How to complete this task:
Exactly the lines from the one containing "2000 y 2019 |" through the end of the listing must make up the answer, with no pictures included.

Data shown:
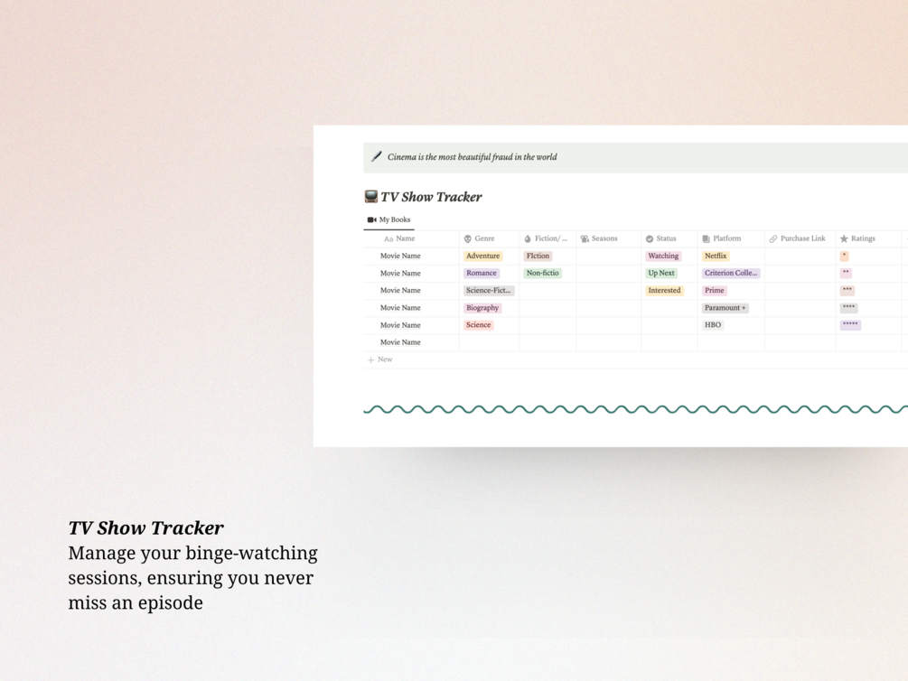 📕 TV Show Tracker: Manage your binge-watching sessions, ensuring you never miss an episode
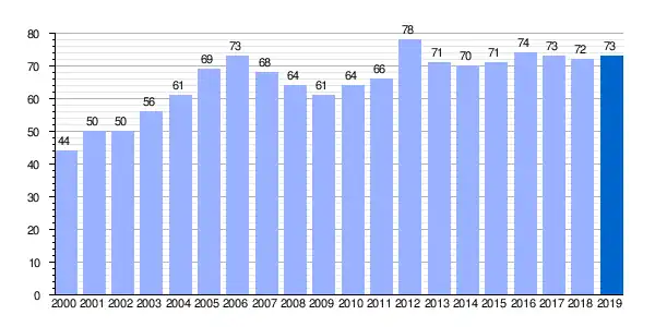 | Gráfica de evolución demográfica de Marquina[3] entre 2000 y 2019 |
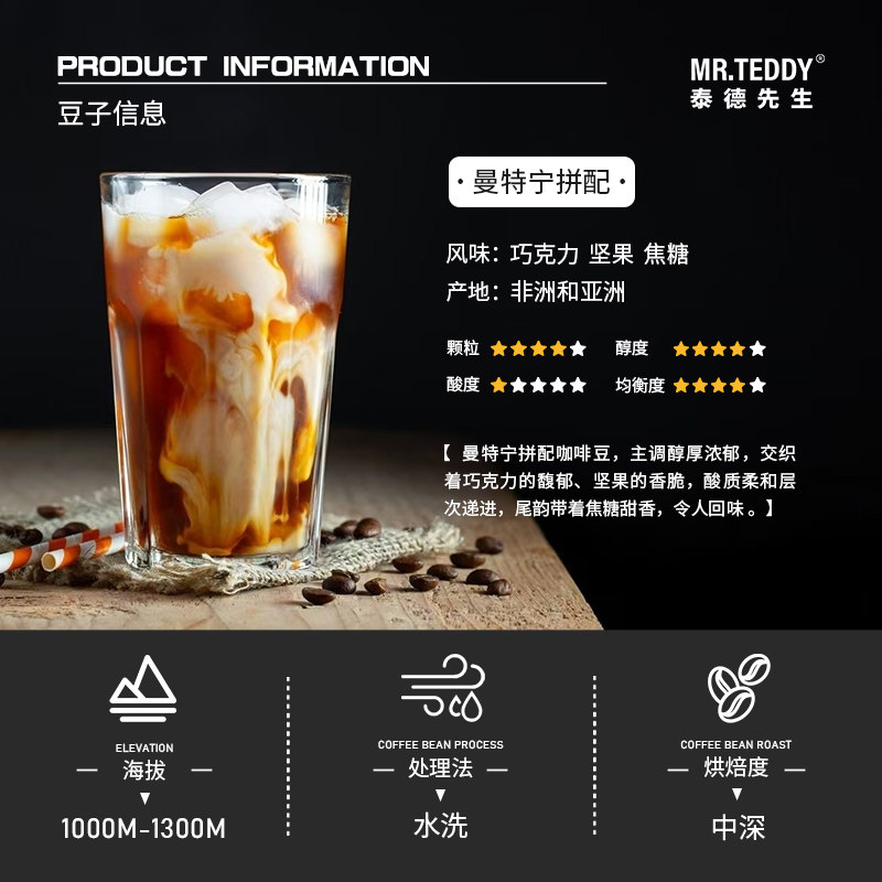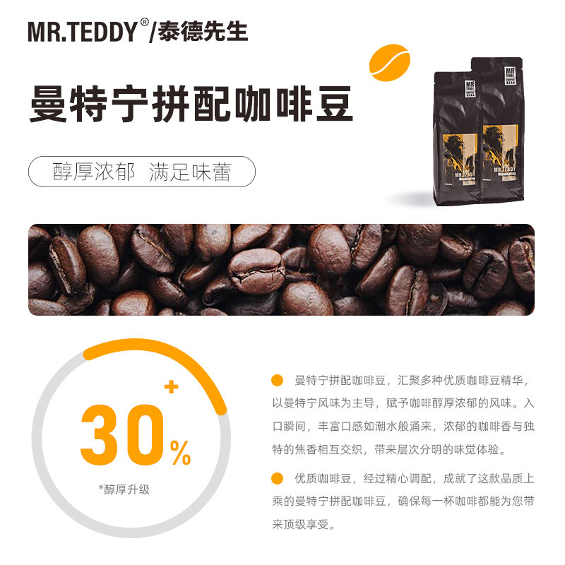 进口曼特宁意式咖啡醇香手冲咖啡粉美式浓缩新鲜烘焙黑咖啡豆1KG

Task output:
 | Gráfica de evolución demográfica de Marquina[3] entre 2000 y 2019 |
 进口曼特宁意式咖啡醇香手冲咖啡粉美式浓缩新鲜烘焙黑咖啡豆1KG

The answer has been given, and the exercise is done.